Dataset and Code for the paper "DepthTrack: Unveiling the Power of RGBD Tracking" (ICCV2021), and "Depth-only Object Tracking" (BMVC2021)

Overview

DeT and DOT

Code and datasets for

  1. "DepthTrack: Unveiling the Power of RGBD Tracking" (ICCV2021)
  2. "Depth-only Object Tracking" (BMVC2021)
@InProceedings{yan2021det,
    author    = {Yan, Song and Yang, Jinyu and Kapyla, Jani and Zheng, Feng and Leonardis, Ales and Kamarainen, Joni-Kristian},
    title     = {DepthTrack: Unveiling the Power of RGBD Tracking},
    booktitle = {Proceedings of the IEEE/CVF International Conference on Computer Vision (ICCV)},
    month     = {October},
    year      = {2021},
    pages     = {10725-10733}
}

@InProceedings{yan2021dot,
  title       = {Depth-only Object Tracking},
  author      = {Yan, Song and Yang, Jinyu and Leonardis, Ales and Kamarainen, Joni-Kristian},
  booktitle   = {Procedings of the British Machine Vision Conference (BMVC)},
  year        = {2021},
  organization= {British Machine Vision Association}
}

The settings are same as that of Pytracking, please read the document of Pytracking for details.

Generated Depth

We highly recommend to generate high quality depth data from the existing RGB tracking benchmarks, such as LaSOT, Got10K, TrackingNet, and COCO.

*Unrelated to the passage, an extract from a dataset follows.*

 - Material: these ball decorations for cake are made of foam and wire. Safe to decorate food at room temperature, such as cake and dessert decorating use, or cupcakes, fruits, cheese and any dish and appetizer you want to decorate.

We show the examples of generated depth here. The first row is the results from HighResDepth for LaSOT RGB images, the second and the third are from DenseDepth for Got10K and COCO RGB images, the forth row is for the failure cases in which the targets are too close to the background or floor. The last row is from DenseDepth for CDTB RGB images.

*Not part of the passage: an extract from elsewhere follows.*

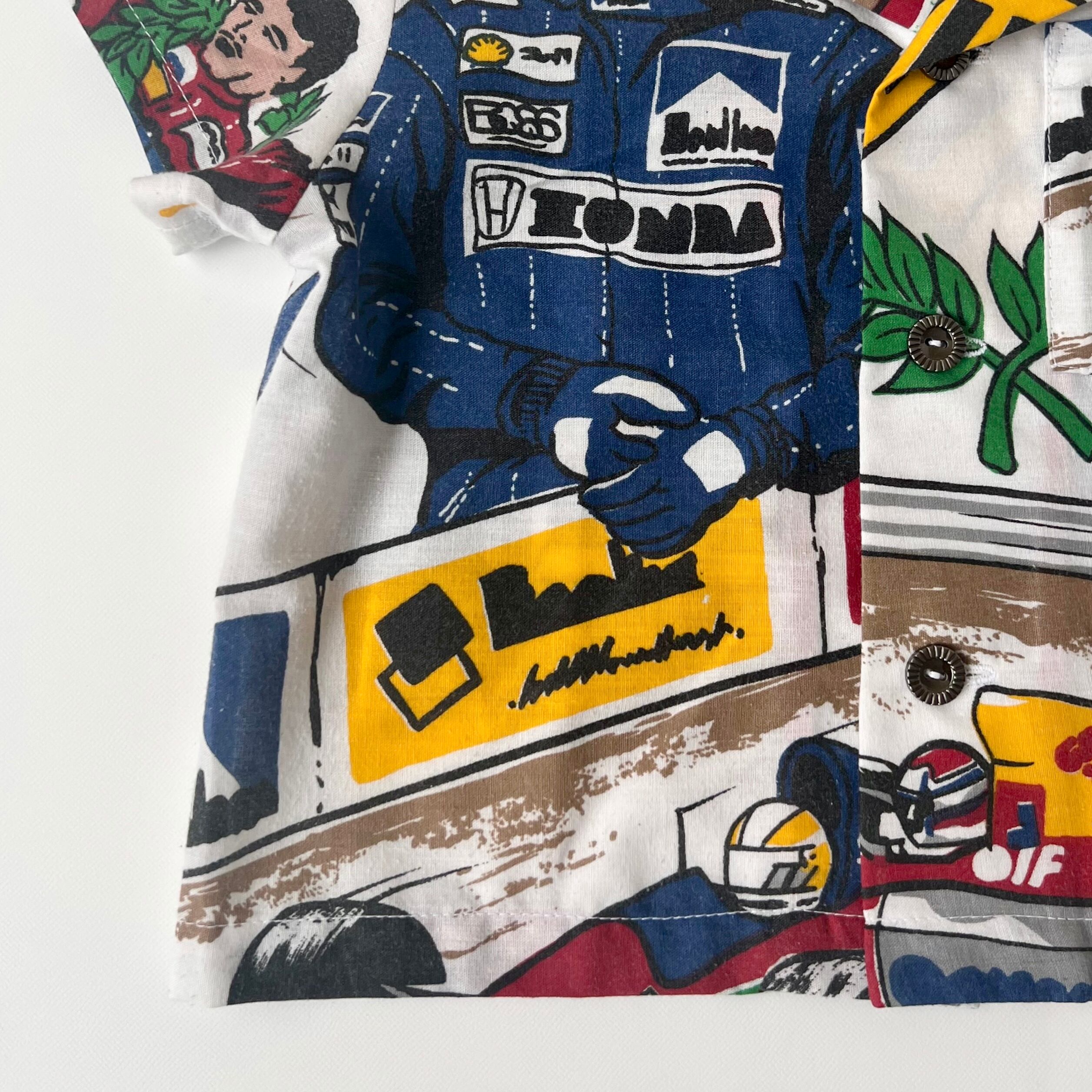 F1レースプリントのvintageシーツを半袖の開襟シャツにリメイクしました。

Examples of generated depth images

In our paper, we used the DenseDepth monocular depth estimation method. We calculate the Ordinal Error (ORD) on the generated depth for CDTB and our DepthTrack test set, and the mean ORD is about 0.386, which is sufficient for training D or RGBD trackers and we have tested it in our works.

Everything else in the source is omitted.